▽

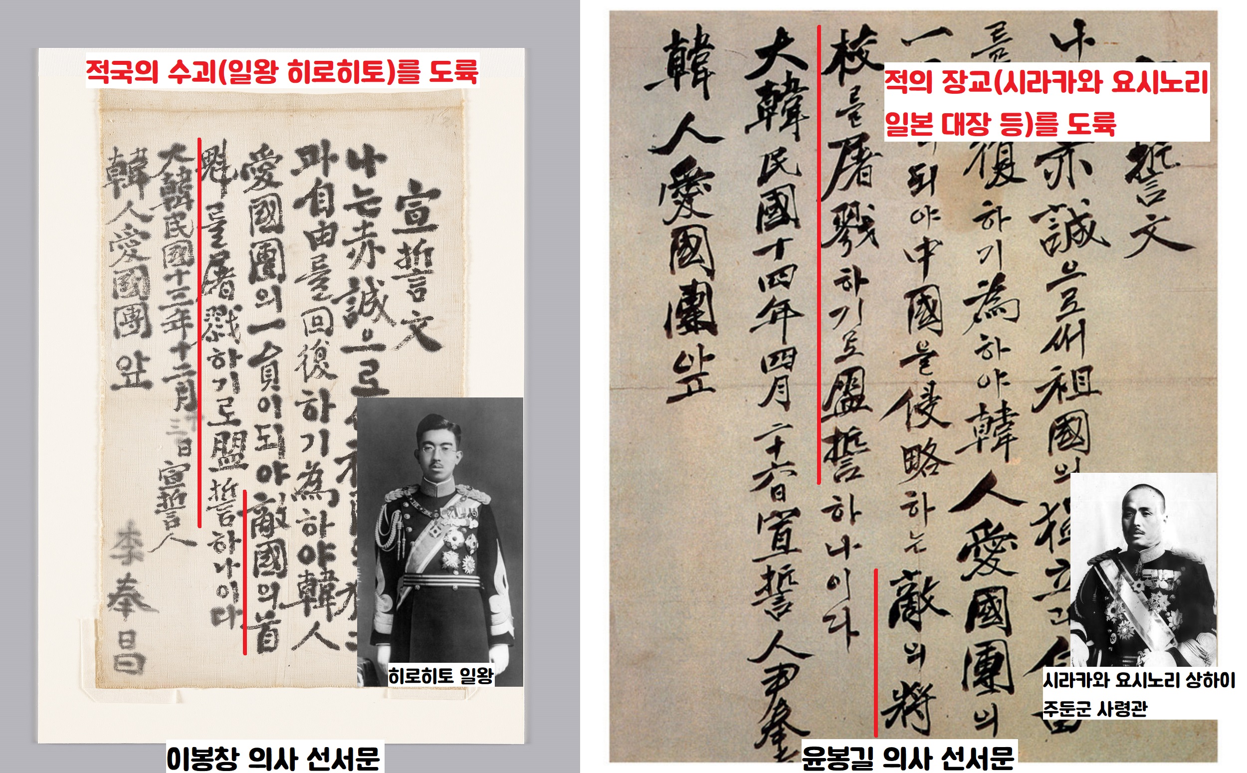 이봉창 의사(1901~1932)는 ‘적국의 수괴(일왕)’, 윤봉길 의사는 ‘적의 장교(시라카와 요시노리·白川義則 일본 상하이 주둔군 사령관)’ 등 도륙의 대상을 분명히 했습니다.
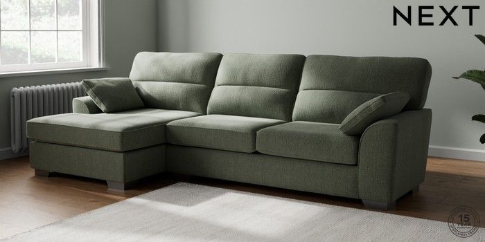 7.2.10 Stamford Highback Large Sofa Chaise - Left Hand Chunky Texture Mid Forest Green Large Square Angle - Gunmetal | Made Click here to use our website with more accessibility support, for example screen readers
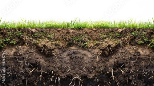 © Emin, Fototapeta premium Detailed image of grass roots and soil cross section empty space for teaching
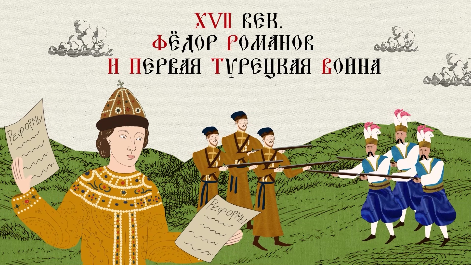 «XVII век. Фёдор Романов и первая турецкая война» Аннотация 1676 год. После скоропостижной кончины царя Алексея Михайловича на престол восходит его сын, 15-летний Фёдор. У молодого царя очень слабое здоровье, но он оказывается человеком деятельным и прогрессивным. Это очень быстро почувствуют его поданные. Свою энергию Фёдор Алексеевич направит во все сферы жизни. За 6 лет успеет сделать то, что не всем царям под силу: и законы переписать, и повоевать, и Москву перестроить. Посмотрев этот выпуск, вы узнаете: как Фёдор Алексеевич, ещё до Петра I открыл России форточку в Европу? Зачем посадил пальмы и развёл попугаев в Кремле? И как решил острый «южный» военный конфликт? Об этом и многом другом – в этой серии проекта «Русская история».
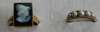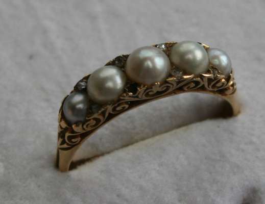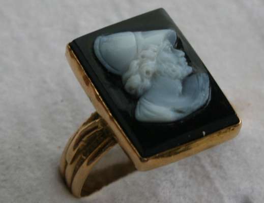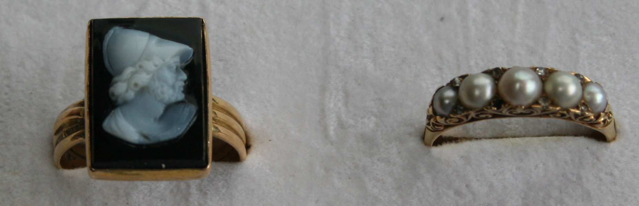 the graduated half pearls claw set with diamond chips in between, scrolling gallery; together with an 18ct gold ring with a rectangular hardstone cameo ring decorated with a helmeted man (2)
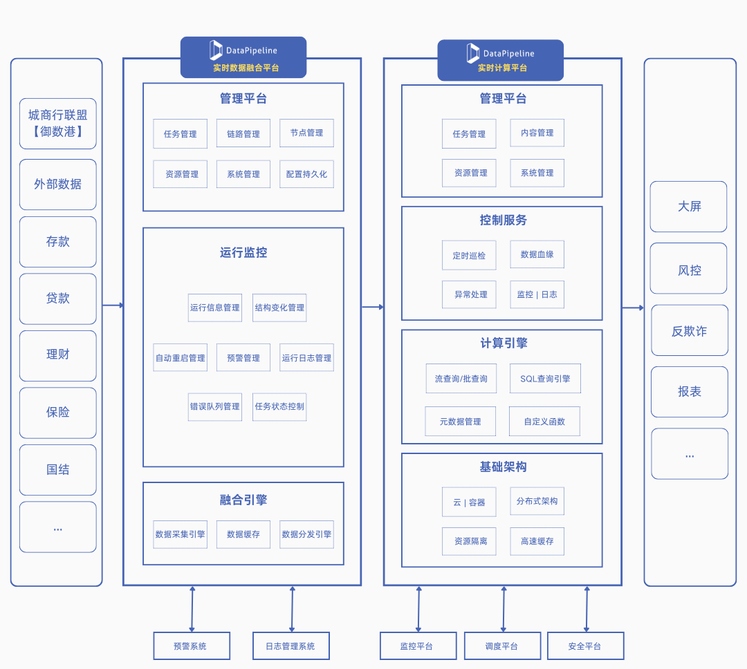 在此技术架构中,山东城商行联盟的“御数港”平台、多种外部数据源以及关键业务系统(如存款、贷款、理财、保险、国际结算等)的数据通过DataPipeline实时数据融合平台进行采集,并经DataPipeline实时计算平台处理。处理后的数据高效流转至下游系统,如可视化大屏、风险控制、反欺诈及报表系统等,确保数据的即时可用性和支持决策的实时性。
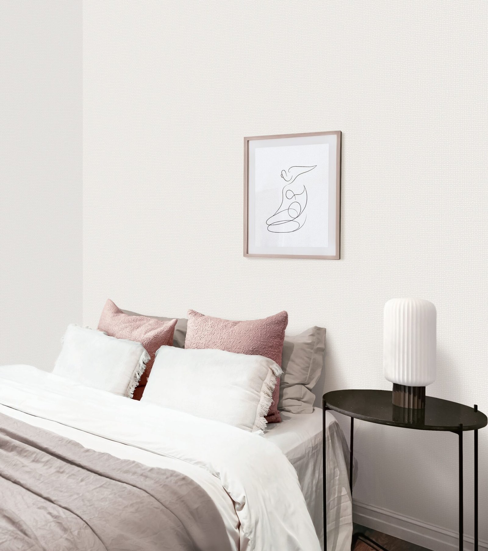 Minimal textured wallpaper for bedroom, living room, or modern interiors, available in multiple soft white and neutral colours with elegant fabric-style wall finish
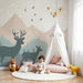 Transformez la chambre de votre enfant en un refuge tranquille avec ce papier peint pour enfants représentant une scène sereine de faune forestière. Au premier plan, un majestueux cerf et une douce biche se tiennent côte à côte, évoquant une harmonie avec la nature. En arrière-plan, les montagnes douces enveloppées de brume ajoutent une dimension magique à cet ensemble pictural.
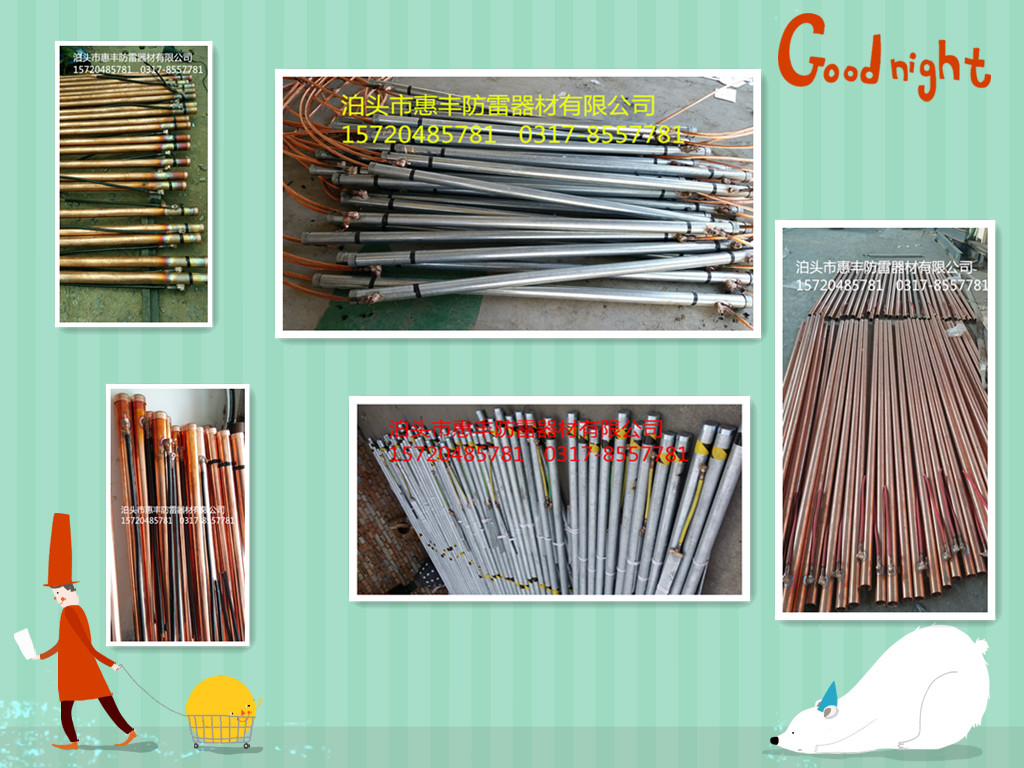 好消息!好消息! 小编忍不住告诉您一个好消息, 上午我厂经理经过开会研究表示,为减少库存积压,现我厂离子接地极所有现货的离子接地极全部降价出售,小编为您打探来的内部消息,降价出售的离子接地极型号有Φ50*1500(材质:铜包钢与紫铜),Φ54*2000(材质:不锈钢),Φ57*2500(镀锌钢与不锈钢),Φ60*3000(材质:黄铜),Φ57*6000(材质:黄铜,铜层厚度0.254mm),变的是价格,不变的是质量,以上所有型号的离子接地极真真的就是惊爆价,不要再犹豫,这一次机会就不知道还要等到什么时候了!即使您不买也可以来看看,顺便可以帮我们做个宣传,小编真的是不胜感激呢!

△

_Task item:_
Exclude the images, then output the data above word for word.

_Exercise solution:_
 이봉창 의사(1901~1932)는 ‘적국의 수괴(일왕)’, 윤봉길 의사는 ‘적의 장교(시라카와 요시노리·白川義則 일본 상하이 주둔군 사령관)’ 등 도륙의 대상을 분명히 했습니다.
 7.2.10 Stamford Highback Large Sofa Chaise - Left Hand Chunky Texture Mid Forest Green Large Square Angle - Gunmetal | Made Click here to use our website with more accessibility support, for example screen readers
 © Emin, Fototapeta premium Detailed image of grass roots and soil cross section empty space for teaching
 «XVII век. Фёдор Романов и первая турецкая война» Аннотация 1676 год. После скоропостижной кончины царя Алексея Михайловича на престол восходит его сын, 15-летний Фёдор. У молодого царя очень слабое здоровье, но он оказывается человеком деятельным и прогрессивным. Это очень быстро почувствуют его поданные. Свою энергию Фёдор Алексеевич направит во все сферы жизни. За 6 лет успеет сделать то, что не всем царям под силу: и законы переписать, и повоевать, и Москву перестроить. Посмотрев этот выпуск, вы узнаете: как Фёдор Алексеевич, ещё до Петра I открыл России форточку в Европу? Зачем посадил пальмы и развёл попугаев в Кремле? И как решил острый «южный» военный конфликт? Об этом и многом другом – в этой серии проекта «Русская история».
 the graduated half pearls claw set with diamond chips in between, scrolling gallery; together with an 18ct gold ring with a rectangular hardstone cameo ring decorated with a helmeted man (2)
 在此技术架构中,山东城商行联盟的“御数港”平台、多种外部数据源以及关键业务系统(如存款、贷款、理财、保险、国际结算等)的数据通过DataPipeline实时数据融合平台进行采集,并经DataPipeline实时计算平台处理。处理后的数据高效流转至下游系统,如可视化大屏、风险控制、反欺诈及报表系统等,确保数据的即时可用性和支持决策的实时性。
 Minimal textured wallpaper for bedroom, living room, or modern interiors, available in multiple soft white and neutral colours with elegant fabric-style wall finish
 Transformez la chambre de votre enfant en un refuge tranquille avec ce papier peint pour enfants représentant une scène sereine de faune forestière. Au premier plan, un majestueux cerf et une douce biche se tiennent côte à côte, évoquant une harmonie avec la nature. En arrière-plan, les montagnes douces enveloppées de brume ajoutent une dimension magique à cet ensemble pictural.
 好消息!好消息! 小编忍不住告诉您一个好消息, 上午我厂经理经过开会研究表示,为减少库存积压,现我厂离子接地极所有现货的离子接地极全部降价出售,小编为您打探来的内部消息,降价出售的离子接地极型号有Φ50*1500(材质:铜包钢与紫铜),Φ54*2000(材质:不锈钢),Φ57*2500(镀锌钢与不锈钢),Φ60*3000(材质:黄铜),Φ57*6000(材质:黄铜,铜层厚度0.254mm),变的是价格,不变的是质量,以上所有型号的离子接地极真真的就是惊爆价,不要再犹豫,这一次机会就不知道还要等到什么时候了!即使您不买也可以来看看,顺便可以帮我们做个宣传,小编真的是不胜感激呢!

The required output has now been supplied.